3 large sweet yellow onions, peeled and thinly vertically sliced
3 large red onions, peeled and thinly vertically sliced
1/4 teaspoon of sugar
2 cloves garlic, minced fine
8 cups of beef stock (OR vegetable stock for meatless meals)
1/2 cup of dry white wine
1 bay leaf
1/4 teaspoon of dry thyme
Salt and pepper, to taste
8 slices of toasted French bread
1-1/2 cups Swiss Gruyere, grated with a little grated Parmesan cheese
In a large saucepan, sauté the onions in the olive oil on medium high heat until well browned, but not burned, about 30-40 minutes (or longer). Add the sugar about 10 minutes into the process to help with the canalization.
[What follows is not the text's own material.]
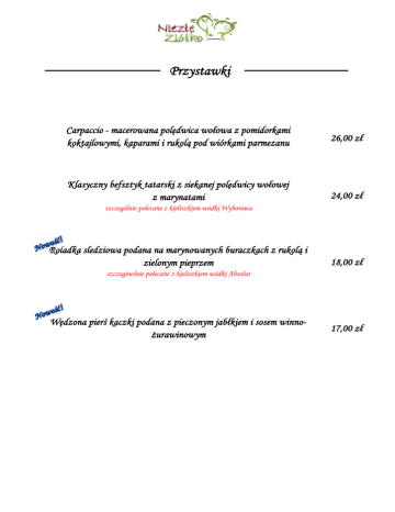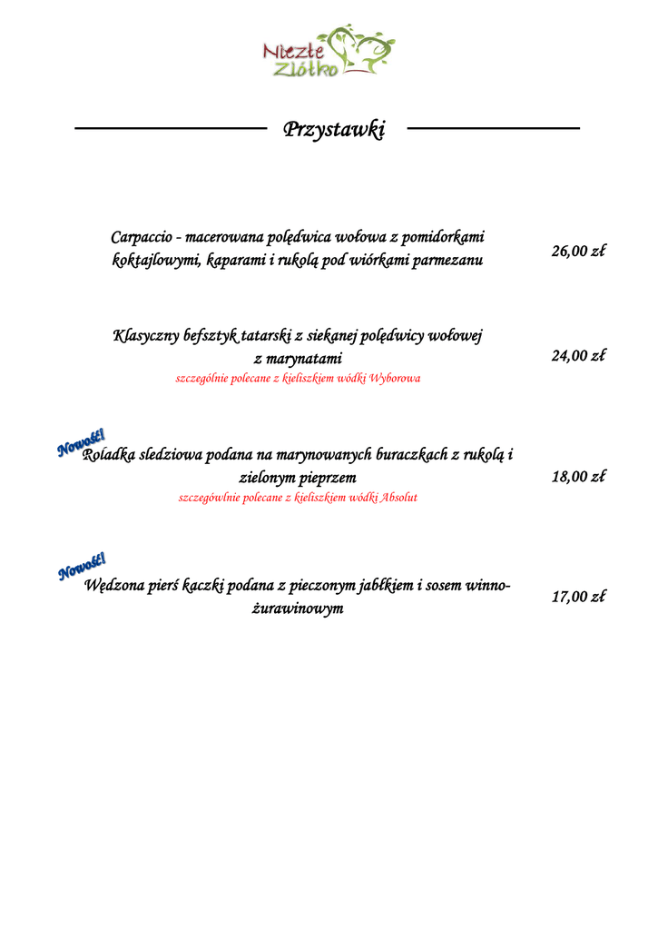 Przystawki Carpaccio - macerowana polędwica wołowa z pomidorkami koktajlowymi, kaparami i rukolą pod wiórkami parmezanu 26,00 zł Klasyczny befsztyk tatarski z siekanej polędwicy wołowej z marynatami 24,00 zł szczególnie polecane z kieliszkiem wódki Wyborowa Roladka sledziowa podana na marynowanych buraczkach z rukolą i zielonym pieprzem 18,00 zł szczegówlnie polecane z kieliszkiem wódki Absolut Wędzona pierś kaczki podana z pieczonym jabłkiem i sosem winnożurawinowym 17,00 zł Sałatki Sałatka Grecka - bukiet sałat, pomidor, ogórek , cebula czerwona, ser feta, oliwki, sos vinaigrette Sałatka z marynowaną pomarańczą - bukiet sałat, marynowana pomarańcza, grillowany kurczak , słonecznik, orzechy włoskie, sos vinaigrette lub jogurtowo czosnkowy 19,00 zł 24,00 zł szczególnie polecane z winem Roccamea Toscana Bianco Sałatka Caprese - mozzarella, świeża bazylia, pomidor, ocet balsamiczny i czosnkowa oliwa 16,00 zł Sałatka z wędzoną kaczką - bukiet sałat, pierś z kaczki, warzywa glazurowane, sos gorgonzola 26,00 zł szczególnie polecane z winem Maestri Cantinieri Rosso Zupy Rosół ze swojskim makaronem i świeżą pietruszką 8,00 zł Barszcz czerwony czysty 6,00 zł Barszcz czerwony z domowymi kołdunami 9,00 zł Krem z cebuli podawany z grzankami, serem i świeżą pietruszką 9,00 zł Żurek śląski z jajkiem podany z pieczywem czosnkowym 9,00 zł Żurek śląski podany w kociołku z gniecionymi ziemniakami 12,00 zł Krem z grzybów leśnych z grzankami i świeżą pietruszką Krem z pomidorów ześwieżą bazylią, śmietaną i chrupiącymi bułeczkami 12,00 zł 11,00 zł Makarony Peperade ze szpinakiem - makaron penne, szpinak , szynka parmeńska, pomidory suszone na słońcu, gorgonzola, sos śmietanowy, parmezan 23,00 zł szczególnie polecane z winem Maestri Cantinieri Rosso Farfalle z suszonymi pomidorami - makaron farfalle, pomidory suszone na słońcu, świeża bazylia, parmezan, oliwa Carbonara - makaron spaghetti, boczek wędzony, sos śmietanowy, parmezan, żółtko jaja, pietruszka zielona 17,00 zł 20,00 zł szczególnie polecane z winem Maestri Cantinieri Bianco Tagliatelle z łososiem, szparagami i nutką białego wina - makaron tagliatelle, filet z łososia, szparagi, pietruszka zielona, sos śmietanowy, parmezan 24,00 zł Zestawy Obiadowe Drób Rumiana pierś z kaczki Confit podana z ziemniakami gratin, buraczkami duszonymi w winie, miodzie i tymianku Pierś z kurczaka z zielonymi szparagami i białym winem podana na rostii w towarzystwie pomidorów marynowanych w czosnku i miodzie Grillowana pierś z kurczaka na szpinaku duszonym w śmietanie podana z ziemniakami gratin i rozmarynem 39,00 zł 29,00 zł 26,00 zł Grilowana pierś z kurczaka z szynką parmeńską i wędzonym serem, podana z pieczonymi ziemniakami, brokułami i masłem migdałowym 34,00 zł Pierś z kurczaka na parze z bukietem gotowanych warzyw i ryżem 25,00 zł Wołowina - Cielęcina Rolada Śląska podana z kluskami i kapustą czerwoną na ciepło 34,00 zł szczególnie polecane z piwem lanym Tyskie Placek "Niezłe Ziółko" podany z gulaszem wołowym i zestawem surówek 28,00 zł Stek z polędwicy w sosie borowikowym z nutą whiski, kluseczkami ziołowymi podany z fasolką szparagową 59,00 zł szczególnie polecane z winem Roccamea Toscana Rosso Kawałki pieczonej cielęciny podane w sosie z zielonego pieprzu z ziemniakami puree i zielonymi szparagami Sznycel cielęcy na "cały talerz" podany na carpaccio z buraczków w towarzystwie marchewkowego puree 38,00 zł 36,00 zł szczególnie polecane z piwem Książęce Ciemne Łgodne Kociołek wołowy pełen smaków podany z pieczywem 18,00 zł Wieprzowina Grillowana polędwiczka podana na podgrzybkach z cebulką, zieloną pietruszką, kluseczkami ziołowymi i kapustą czerwoną na ciepło 38,00 zł Sznycel wieprzowy na grzance, zapiekany z pieczarkami i serem camembert podany z frytkami i zestawem surówek 29,00 zł szczególnie polecane z piwem Dębowe Mocne Tradycyjny kotlet schabowy z kapustą z grzybami i ziemniakami puree 26,00 zł Pieczone golonko faszerowane kapustą i grzybami w sosie warzywnym, podane z młodymi ziemniaczkami 34,00 zł szczególnie polecane z piwem Książęce Złote Pszeniczne Ryby Dorsz bałtycki w sosie musztardowo-miętowym podany na rumianym toście w towarzystwie blanszowanego szpinaku 29,00 zł Filet z sandacza duszony w pieczarkach, śmietanie i białym winie podany z gotowanymi ziemniakami i bukietem warzyw 44,00 zł szczególnie polecane z winem Roccamea Toscana Bianco Filet z łososia z pieca podany na szpinaku z imbirowym ryżem szczególnie polecane z winem Maestri Cantinieri Bianco Filet z łososia podany z brokułami i delikatnym sosem jogurtowo koperkowym 38,00 zł 36,00 zł Klasyczne wariacje "Niezłego Ziółka" Pierogi ruskie 14,00 zł Pierogi z mięsem 15,00 zł Placki ziemniaczane z sosem grzybowym szczególnie polecane z piwem Lech Ratatouille w towarzystwie placków ziemniaczanych i białej mozzarelli 17,00 zł 18,00 zł szczególnie polecane z piwem Grolsch Premium Lager Naleśniki z fetą i szpinakiem, podane z sosem jogurtowo czosnkowym 17,00 zł Dodatki kluski śląskie 6,00 zł ziemniaki z wody 5,00 zł ziemniaki puree 5,00 zł frytki 6,00 zł ziemniaki opiekane z ziołami 6,00 zł ryż 5,00 zł kapusta zasmażana 6,00 zł kapusta czerwona na ciepło 6,00 zł brokuły z masłem migdałowym 7,00 zł bukiet warzyw z wody 7,00 zł buraczki tradycyjne 5,00 zł surówka z marchewki z chrzanem 5,00 zł surówka z białej kapusty 5,00 zł surówka z kiszonej kapusty 5,00 zł zestaw surówek 8,00 zł musztarda, chrzan, majonez, sos pomidorowy, sos czosnkowy, pieczywo, masło 2,00 zł Coś dla małych smakoszy Zupa pomidorowa z makronem lub ryżem 8,00 zł Kotlet z kurczaka podany z chrupiącymi frytkami i mizerią 16,00 zł Makaronowe kokardki z białym serem, masełkiem i soczystymi truskawkami 14,00 zł Miś ( lody o smaku: truskawkowym i waniliowym, żelki owocowe, l

Add garlic and sauté for 1 minute. Add the stock, wine, bay leaf, and thyme. Cover partially and simmer until the flavors are well blended, about 30 minutes. Season to taste with salt and pepper. Discard the bay leaf.
To serve you can either use individual oven-proof soup bowls or one large casserole dish. Ladle the soup into the bowls or casserole dish. Cover with the toast and sprinkle with cheese. Put into the broiler for 10 minutes at 350 degrees or until the cheese bubbles and is slightly browned. Serve immediately.